Would you repeat the whole listing exactly, pictures excluded?

◆ SUPPLIED MATERIAL
• • • • •
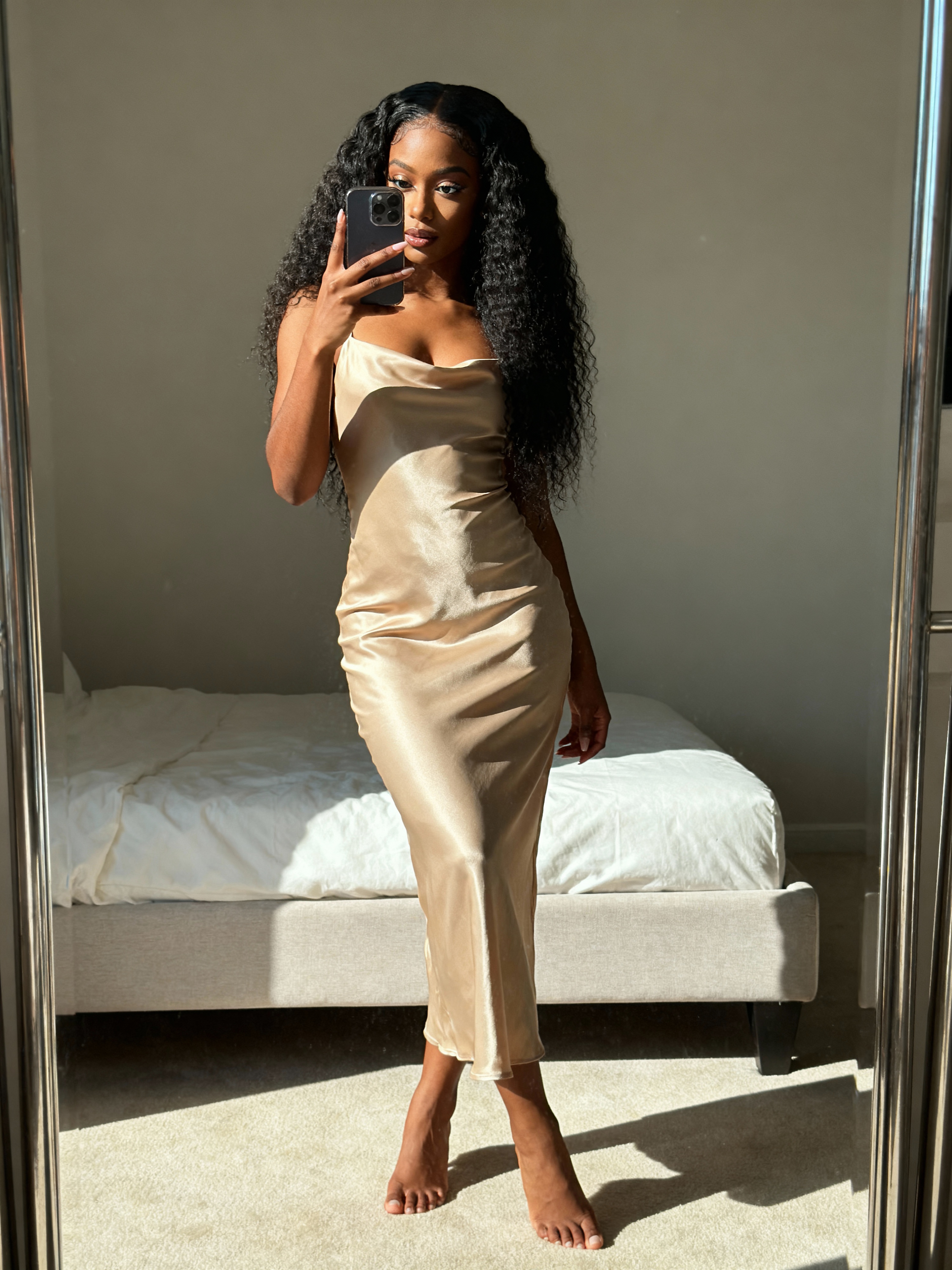 model posing in front of mirror wearing a form-fitting sand-colored silk dress . the model's left hand is visible holding a phone in front of their face, while the right arm rests by their side. the setting includes a light-colored bed and a neutral-colored wall, with natural light casting soft shadows on the floor.
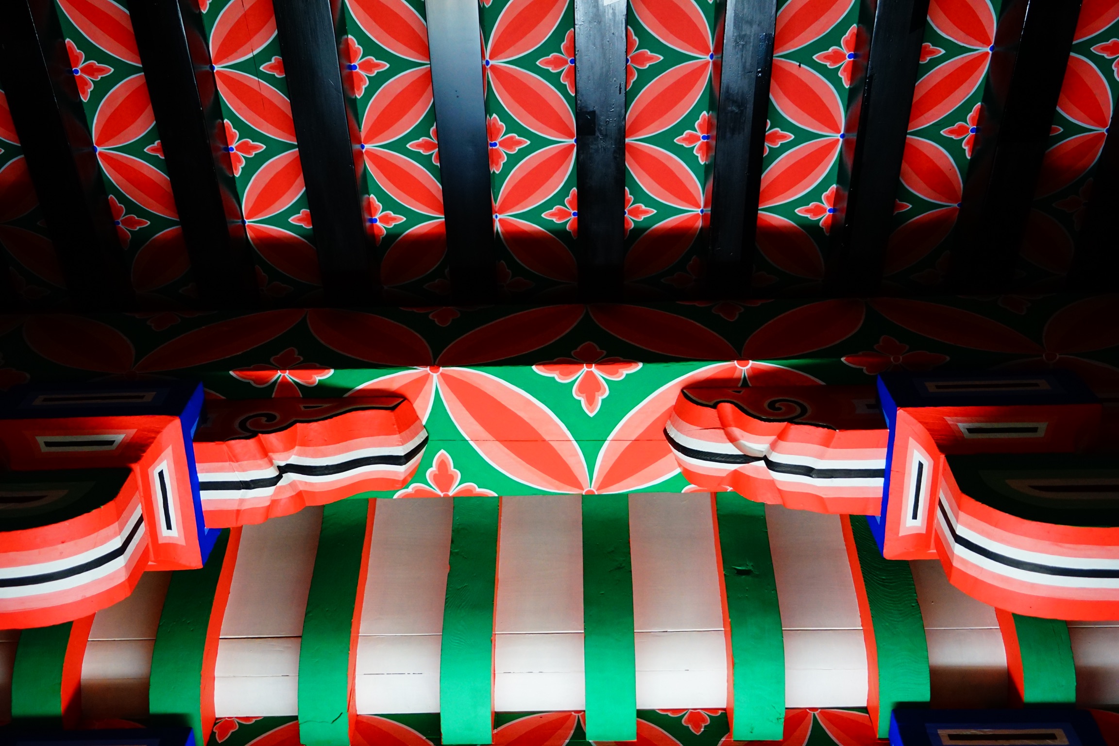 素晴らしく色鮮やかに修復された唐門天井部分。
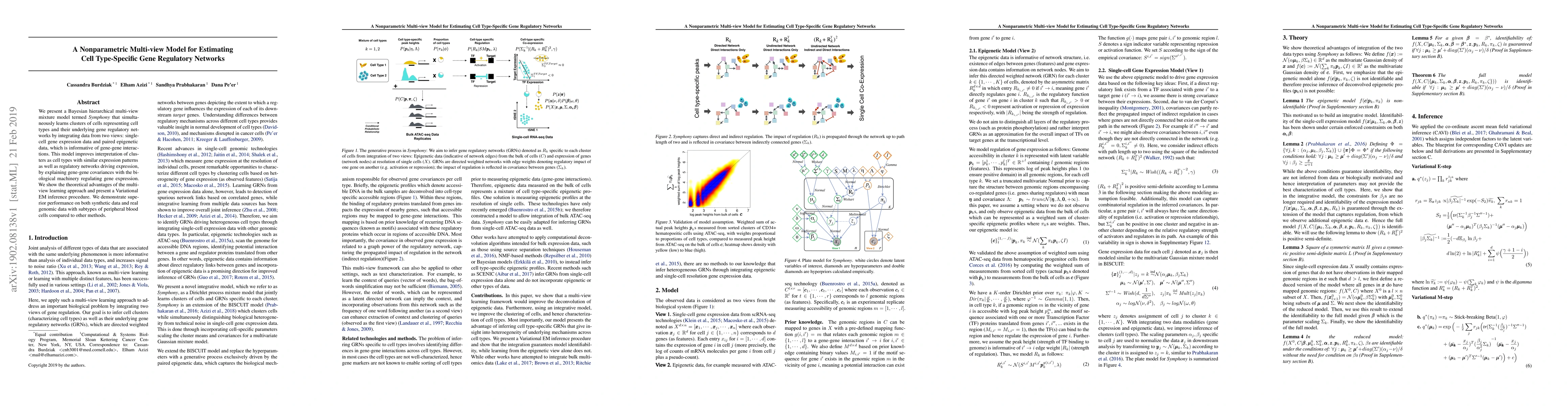 This paper introduces Symphony, a Bayesian hierarchical multi-view mixture model that integrates single-cell gene expression and epigenetic data to infer cell type-specific gene regulatory networks. The model demonstrates superior performance in interpreting gene regulatory networks and cell type clusters compared to other methods.
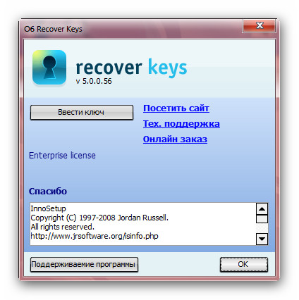 Вы потеряли все ваши ключи? Наверное, да. В таком случае вы можете сделать дубликат или поменять замок. Что если вы потеряли ключи активации от операционной системы Windows или других важных программ, которые недавно купили? Это может стоить вам сотен тысяч долларов. По этой причине я создал данную программу. С Recover Keys вы просто диагностируете вашу систему для всех установленных программ и создаете резервную копию, печатаете ее или сохраняете в текстовый файл. Это поможет сэкономить вам большое количество денег.
• • • • •
◆ ANSWER FOR THE TASK
 model posing in front of mirror wearing a form-fitting sand-colored silk dress . the model's left hand is visible holding a phone in front of their face, while the right arm rests by their side. the setting includes a light-colored bed and a neutral-colored wall, with natural light casting soft shadows on the floor.
 素晴らしく色鮮やかに修復された唐門天井部分。
 This paper introduces Symphony, a Bayesian hierarchical multi-view mixture model that integrates single-cell gene expression and epigenetic data to infer cell type-specific gene regulatory networks. The model demonstrates superior performance in interpreting gene regulatory networks and cell type clusters compared to other methods.
 Вы потеряли все ваши ключи? Наверное, да. В таком случае вы можете сделать дубликат или поменять замок. Что если вы потеряли ключи активации от операционной системы Windows или других важных программ, которые недавно купили? Это может стоить вам сотен тысяч долларов. По этой причине я создал данную программу. С Recover Keys вы просто диагностируете вашу систему для всех установленных программ и создаете резервную копию, печатаете ее или сохраняете в текстовый файл. Это поможет сэкономить вам большое количество денег.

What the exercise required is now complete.